# [Your goal]
The answer must be only the lines below from the one holding "Centers for Disease" down to the one holding "The TWC converts", ends included, printed exactly; please omit all pictures.

(Dataset items)
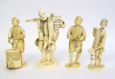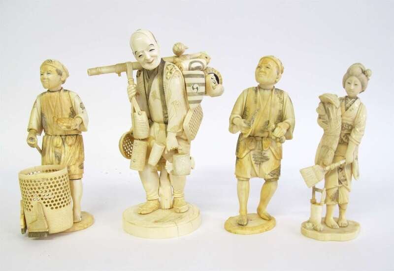 Comprising a merchant carrying his wares, tradesmen with turtle and ginger root and shears, and geisha with broom and foliate stalks, some signed.
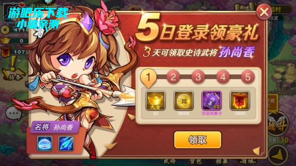 新角色只需要连续5天登陆就赠送史实武将孙尚香,不容错过的美女名将!除了通过纳贤外,还可以通过VIP等级、每日任务、每天签到、竞技场和精英关卡兑换获得武魂来合成武将
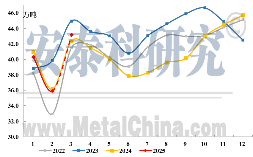 2025年2月份,样本企业生产精铅35.6万吨,同比下降1.5%,环比下降4.7万吨。其中原生铅产量19.8万吨,同比下降3.6%,环比下降1.9万吨;再生铅产量15.8万吨,同比增长1.3%,环比下降2.8万吨,占当月精铅产量的44.4%。修正后,2025年1月精铅产量40.3万吨,同比下降1.6%。
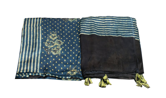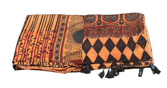 Ajrakh Mashru Silk Natural Dye Hand Block Print Stole
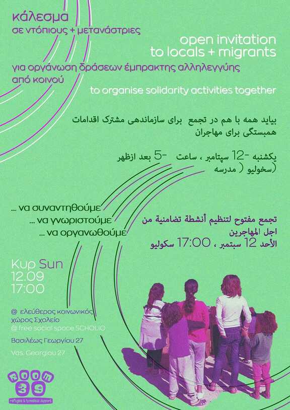Καλούμε ντόπιους και μετανάστριες σε μια συνάντηση που έχει σαν στόχο να δούμε τις ανάγκες αναφορικά με την τρέχουσα πολιτική συγκυρία, να οργανώσουμε μαζί τις αντιστάσεις, να συσπειρώσουμε ντόπιο και μεταναστευτικό πληθυσμό σε κοινούς αγώνες.
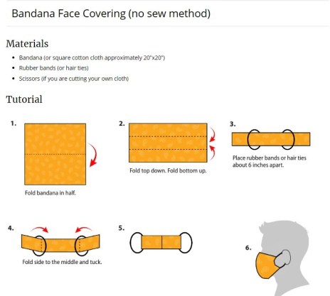 Centers for Disease Control and Prevention (CDC) har enkla guider för att tillverka egen ansiktsmask av en T-shirt eller bandana på sin webbsida.
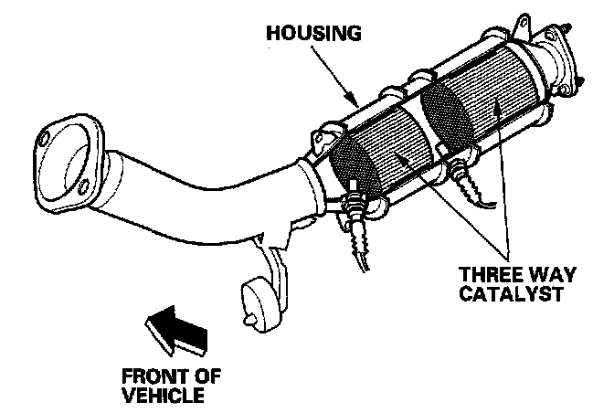 The TWC converts hydrocarbons (HC), carbon monoxide (CO), and oxides of nitrogen (NOx) in the exhaust gas to carbon dioxide (CO2), nitrogen (N2), and water vapor.
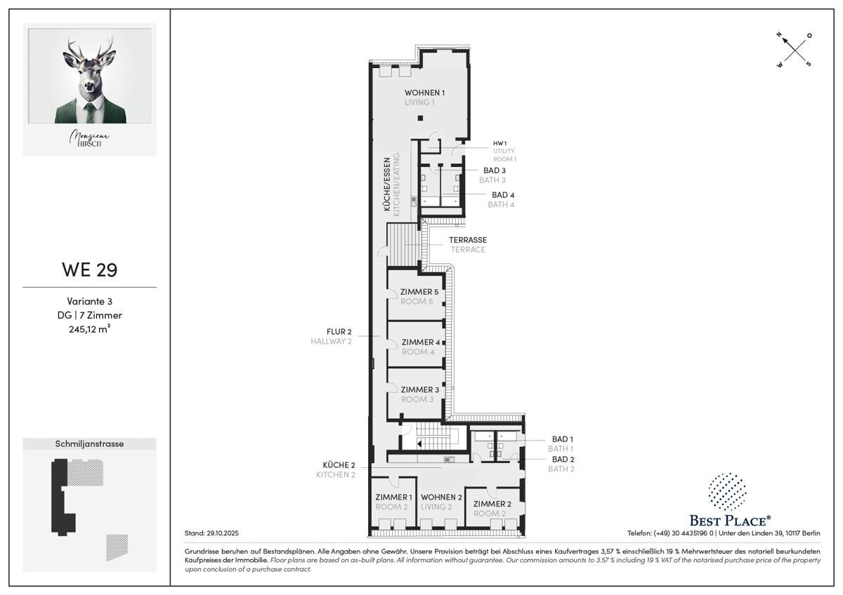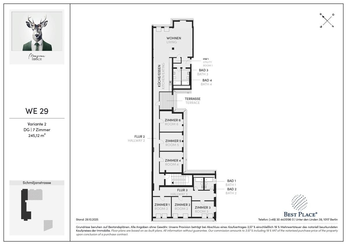 Monsieur Hirsch ist ein elegantes Gründerzeit-Ensemble mit Baujahr 1900, dessen Dachgeschoss ausgebaut wurde. Es liegt im schönen und idyllischen Friedenau im Bezirk Tempelhof-Schönberg, der zwei Hirsche in seinem Wappen führt. Die in Braun und Grün gehaltene Klinkerfassade erinnert außerdem an die Bewohner des Waldes, der mit dem Grunewald ganz in der Nähe liegt. Im Zuge des Dachgeschoss-Neubaus werden die Fassade und die Treppenhäuser renoviert und erstrahlen schon bald in neuem Glanz.
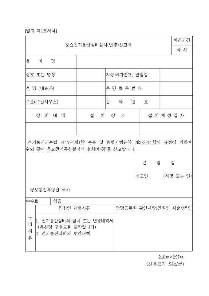 중요전기통신설비설치(변경)신고서

# [Response to this task]
 Centers for Disease Control and Prevention (CDC) har enkla guider för att tillverka egen ansiktsmask av en T-shirt eller bandana på sin webbsida.
 The TWC converts hydrocarbons (HC), carbon monoxide (CO), and oxides of nitrogen (NOx) in the exhaust gas to carbon dioxide (CO2), nitrogen (N2), and water vapor.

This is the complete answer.